From somewhere in the countryside around my house came two Ethiopian boys a little older than me named Nagush and Gusaheim.
And occasionally another boy, Ababa. Ababa and his father had some type of grudge about the land our house was on. When our Ethiopian landlord came by and saw me playing with Nagush and Gusaheim he was shocked. “You let him play with them?” My mother said “why not?”
Negash and Gusaheim taught me to crack a whip, swing a slingshot and climb a eucalyptus tree. And they took me with them for “Hoya hoya yenegeta!” They were teaching me to speak Amharic too. And I was teaching them English.
I was learning to write Amharic at Nazareth school but I was doing much better speaking it. I was moving beyond curse words. My mother never did. One day she yelled a curse she learned from me. She knew what it meant. Yelem Beka Fesam Hid Koshasha – No Enough Fart Go Trash. The Ethiopian man outside the Commissary did not appreciate it and spit on her. There was no getting around paying to have your car guarded and she paid after that. Having DPL license tags could be a blessing and curse. She never learned much more Amharic except Ishee (yes) and yelem (no) and Tenastelin (God be with you). I said Tenataling, close enough. In my child’s mind Tenastelin was like a magic word, to be used for good. We had nothing in English to compare to it.

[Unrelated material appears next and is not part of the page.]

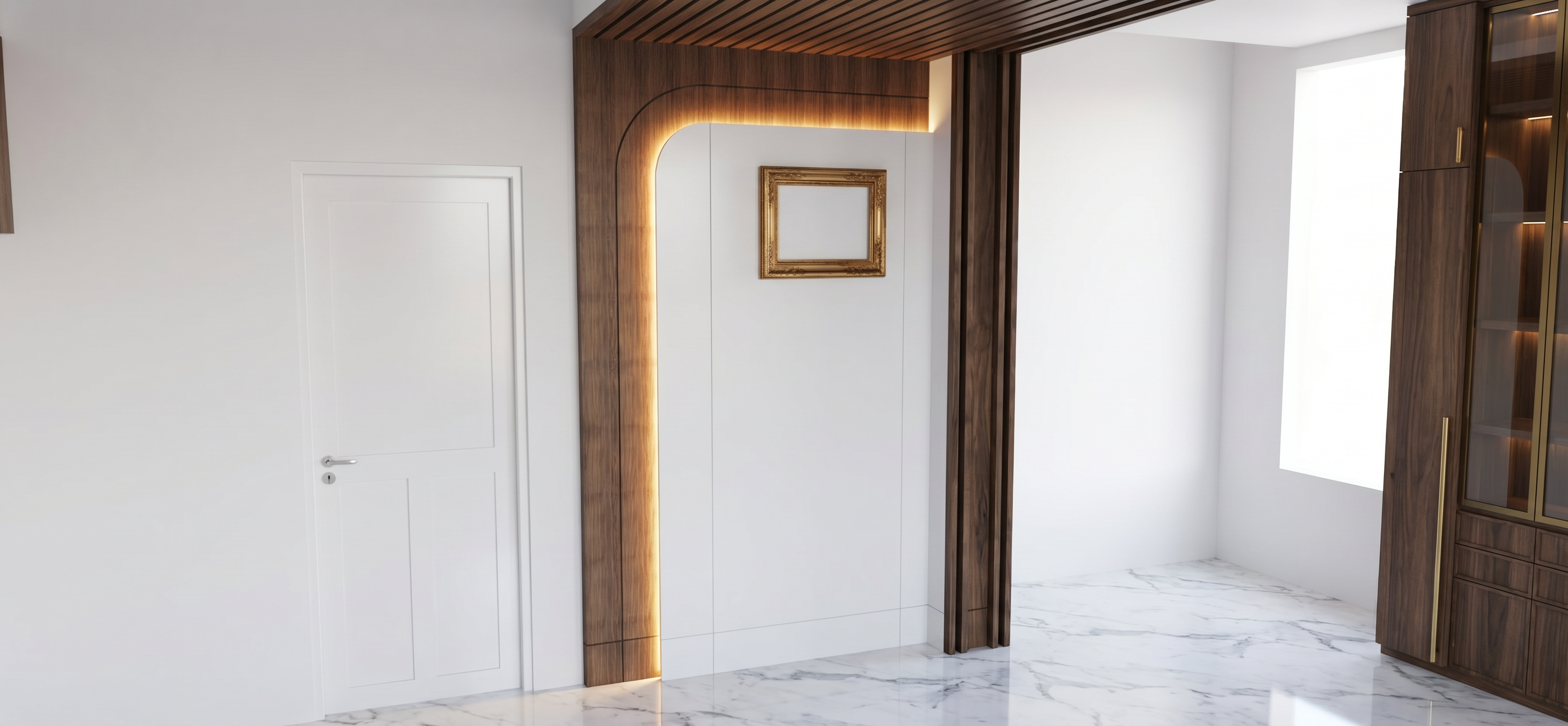 keep the stools but change the color and make it beige velvet add a balcony and add a view of thessaloniki outside the windows the kitchen counter top is also brown marble make the glass at the wine cabinet total transparent

Nazareth School was totally different than the English School. There were 75 kids in the class at one point from all the diplomatic communities. There were American, Armenian, Greek, Italian, Indian… and Ethiopians. My teacher was Sister Martha. She wore a grey knee-length skirt and a white shirt with a grey vest. She was helped by an Armenian girl about 16 years old. We learned by repetition. Sister Martha would tap at the board with a stick and say 9 times 9 is 81 and we would shout it back. I knew my 12 times tables by the end of the first grade. Repetition was going on in other classrooms all day long and you could hear them doing it. In American schools you are told once and that’s it. Reverend Mother Loiseau (Luwizo) ran Nazareth School with a rod of iron. My mother had given her some Guinea Hens and also loaned her our Jeep with a driver once. I hoped this would keep me out of her office. When a series of earthquakes rocked Addis Sister Martha asked my father if Nazareth School could stand it. “Yes“ he assured her. I never went to Mother Loiseau’s office but I got my hand hit with the ruler by Sister Martha and got it hit hard for buying homemade candy through the school fence from the old Ethiopian man. That delicious pure sugar candy, the sugar covered almonds from the diplomatic parties and the chewing gum from the mastika house at the top of our street sent me in Empress Zauditu Hospital to have a rotten tooth pulled out. No novocaine, Ether poured over gauze on my nose. Torture. I started brushing my teeth more after that but I still snuck up to the mastika house, and still begged my mother for candy from the Commissary and the shops in Addis. Chocolate from the Commissary often had white streaks, it got hot on the trip to Addis. Candy in the stores in Addis was from countries around the Mediterranean Sea and tasted better anyway.
Hello Ato Steven,
Your ‘mini’ memoir is a delightful and enormously informative read. Thank you. You deserve a round of mastika! I am eagerly waiting for the third (hopefully not final) installment. Please hurry up!